AdAndrews - Nice to see you're treating a Green Spotted Puffer properly! Tis quite rare to see one salty!

Here's my current tank, but I've had a lot more higher tech tanks in the past when i could afford it


----------



## Dolly Sprint 16v (2 Mar 2010)

mr. luke said:
			
		

> I like the second tank, youve managed ot make an odd shaped tank look nice




Thx for your comments regarding second tank.

Regards
paul.


----------



## mr. luke (2 Mar 2010)

Dont you shellies pick on the apple snail? 
They all look great guys, keep em coming


----------



## HarrietHippo (3 Mar 2010)

Some nice looking tanks there! (altho I'm going to have nightmares about giant killer snails now). 
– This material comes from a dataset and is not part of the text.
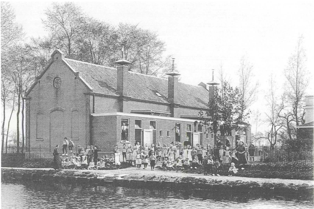
De openbare lagere school in 1914; foto uit het "Gedenkboek Paling", coll. Streekarchief Rijnstreek.

Ook leuk had moeten zijn het 25-jarig ambtsjubileum van schoolhoofd Van Wijngaarden. In de raadsvergadering van 4-3-1901, deelde de burgemeester dit aanstaande, heuglijke feit mee aan de gemeenteraad van Barwoutswaarder die het bericht, nauwelijks geïnteresseerd, als kennisgeving aannam. In een volgende vergadering kwam de burgemeester toch eens op dit onderwerp terug. Hij had vernomen dat het jubileum feestelijk zou worden herdacht en hij vroeg de gemeenteraad hoe zij stond tegenover het aanbieden van een cadeau namens de gemeente.

I agree with the gathering information thing and sitting back. That's me!  In my defence tho it's because I feel I dont know enough about a topic to meaningfully / authoritatively comment. Heck, I dont even have fish yet! Some of you guys are always offering useful advice, and it is much appreciated thanks by noobs.

Tank still cycling, so excuse a few start-up plants and configurations.
AR980. 215l





Flyfisherman - love what you've done with your 980. If I dont have  enough light, am considering the luminaire or T5 upgrade. How have you found the humidity in your home with having an open top?


----------



## paul.in.kendal (3 Mar 2010)

Here's my one and only tank - ever. 'Punishment of Luxury' - nominally 200 litres (but actually more like 215 litres net):


----------



## chilled84 (3 Mar 2010)

Tank today.






Thanks 

chilled84


----------



## AdAndrews (3 Mar 2010)

mr. luke said:
			
		

> Dont you shellies pick on the apple snail?
> They all look great guys, keep em coming



nah, Luke, they leave him alone, although i find that the apple snails do not survive for a vast ammount of time, this could be linked to high ph, or maybe just the lack of leftover food.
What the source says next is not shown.